Cybersecurity Talent. Role-based training is important for everyone in the organization, especially senior managers. Consider training IT and financial personnel for cybersecurity roles––great certification programs and university programs are available.  

IT Budgets. The goal is not necessarily to acquire the most modern and technologically advanced solutions, which may end up being expensive but not effective. Several time-tested technologies are available that are reasonably priced and effective. Create reasonable budgets and measure effectiveness of investments in various cyber technologies and education programs. 

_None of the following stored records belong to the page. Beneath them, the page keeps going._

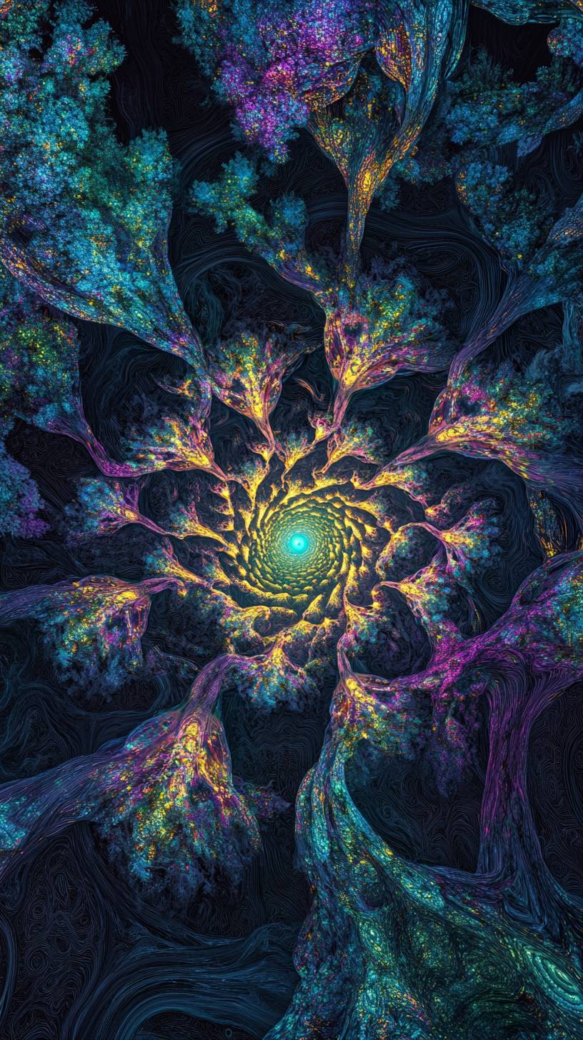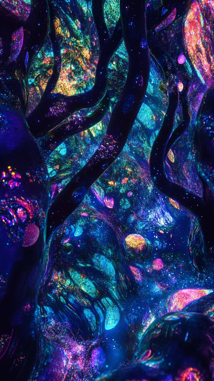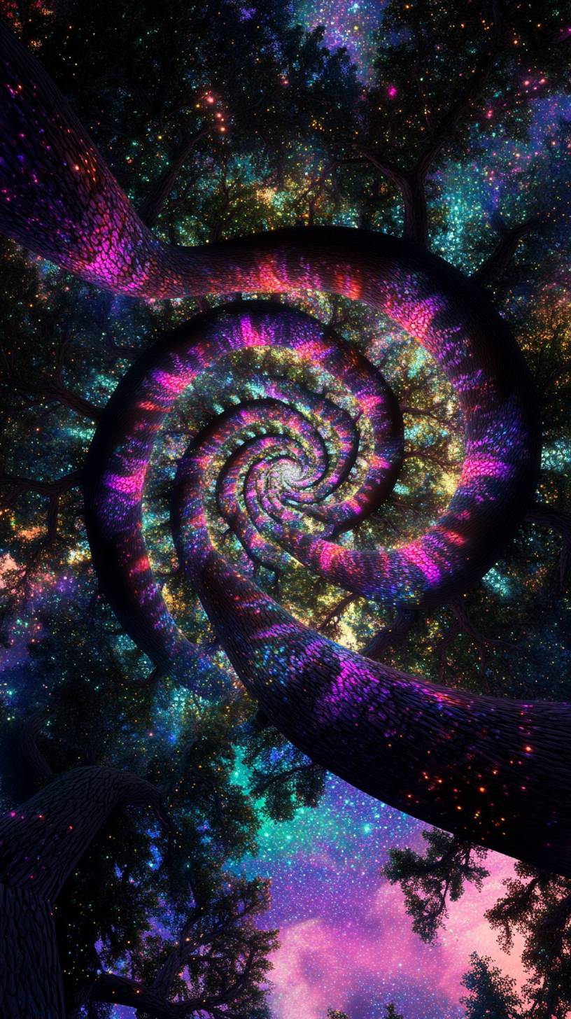 top down photograph a infinitely recursive, rotating forest, illuminated by the dense tree canopies made of neon dichroic chromatic opalescent Aurora-glitter glowsparkles, enhance the otherworldly Aurora borealis effect, casting eerie, shifting lights on their forms. The vortex’s psychedelic patchwork black and neon chromatic chrome floam stripes twist and turn around, creating a dynamic, mesmerizing backdrop. Abstract shapes, such as tangled spheres, pyramids, and Möbius strips adorned with flowing patterns, contributing to the surreal ambiance. --ar 9:16 --v 6.1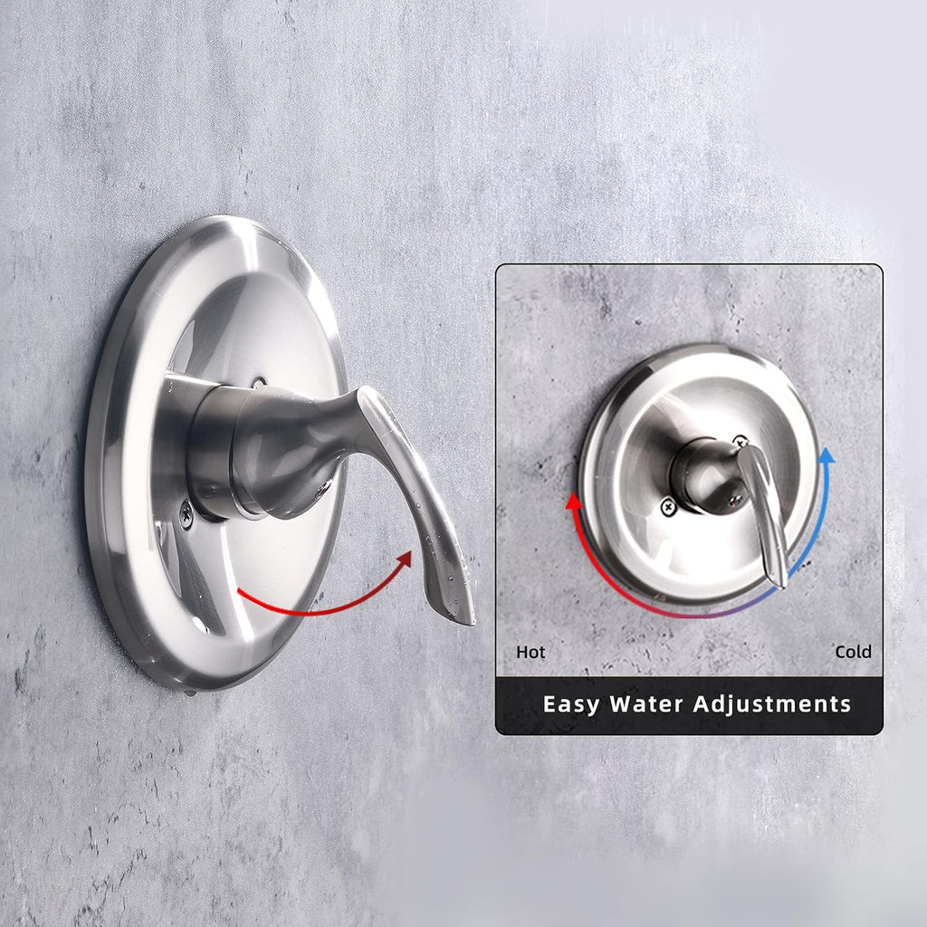 - 【 Premium Quality】--The brushed nickel shower faucet set with valve is constructed of high-purity brass, there is no bursting or leaking in extremely hot or cold environments, ensuring strength and long lifetime.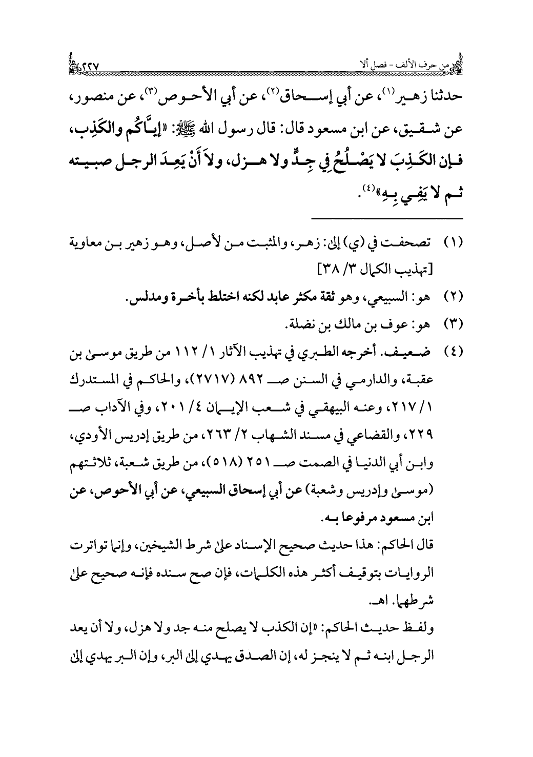 حدثنا زهير (¬١)، عن أبي إسحاق (¬٢)، عن أبي الأحوص (¬٣)، عن منصور، عن شقيق، عن ابن مسعود قال: قال رسول الله - صلى الله عليه وسلم -: "إيَّاكُم والكَذِب، فإن الكَذِبَ لا يَصْلُحُ فِي جِدٍّ ولا هزل، ولَا أَنْ يَعِدَ الرجل صبيته ثم لا يَفِي بِهِ" (¬٤).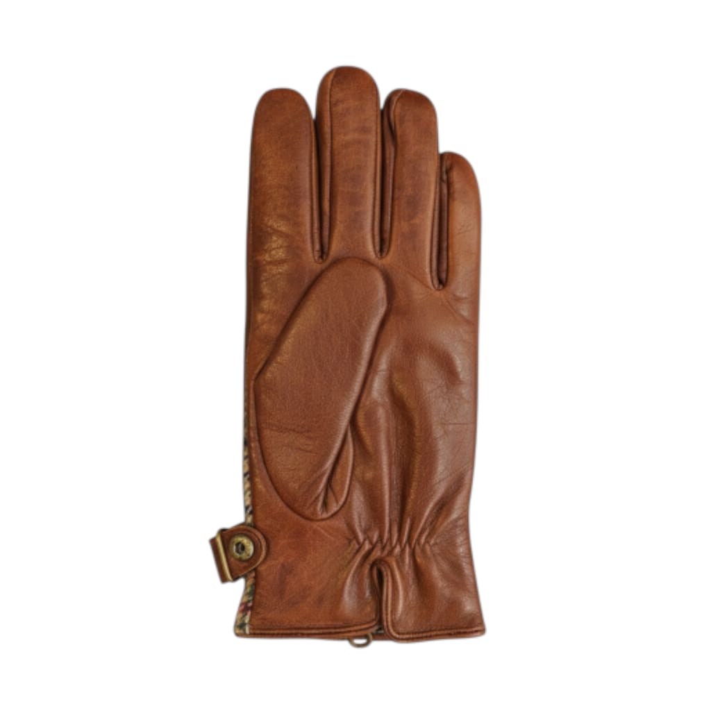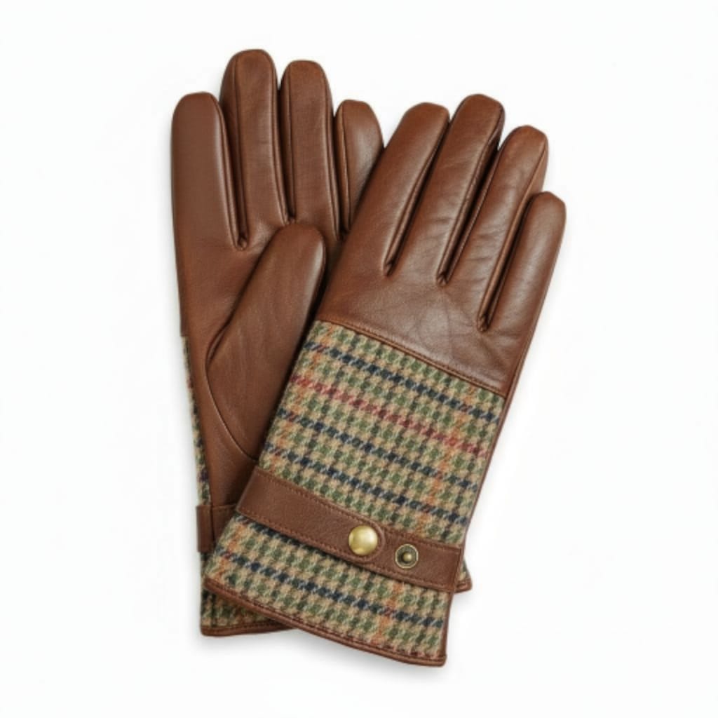 Estos guantes combinan la suavidad de la piel de oveja marrón con un elegante panel de tweed en la zona de la muñeca, creando un diseño clásico y distinguido.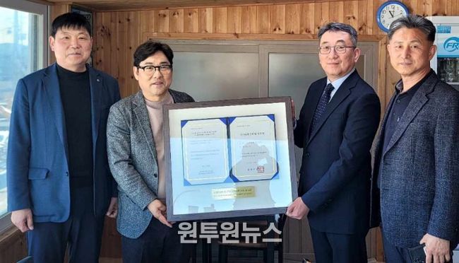 (원투원뉴스) 강원특별자치도는 3월 19일 고성군에 구 간성기선점 반석에 대한 ‘국가등록문화유산 등록증’을 전달했다.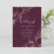 Flores de Burgundy con Brillo Plateado Invitación de Boda Elegante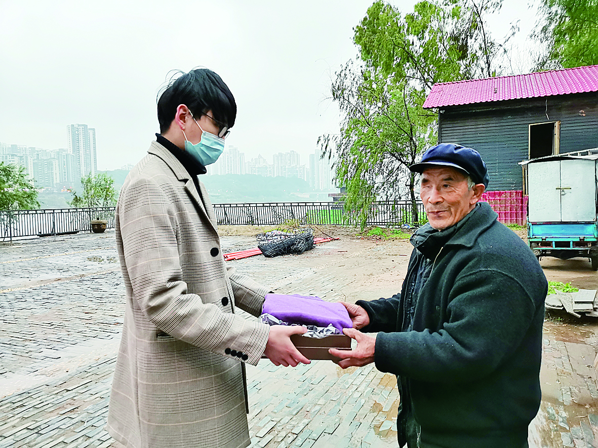 工作人员为流浪乞讨人员送去保暖衣服。 记者/杨如 摄

Stay Current. Several government and other resources are available so manufacturing companies can keep track of the latest threats to the manufacturing industry along with resources. (See sidebar on page XX).) Foundries need to do a better job of cooperating and coordinating their efforts with federal, state, and local authorities, as well as their industry groups. We, as an industry, already do that well with our metalcasting technologies and practices. 

The company’s board of directors and senior management must be involved in and support their company’s cybersecurity strategy, as well as continue to be updated on all activity and defense efforts. Cybersecurity is everyone’s business. We suggest a risk-based approach to the management of cyberthreats and existing vulnerabilities––integrate cybersecurity as part of your company's business and manufacturing activities. This includes areas of awareness training, budget, and communication policies. This matter will continue to be important for foundries, and ongoing research and cooperation is suggested between foundries, government organizations, and manufacturing associations.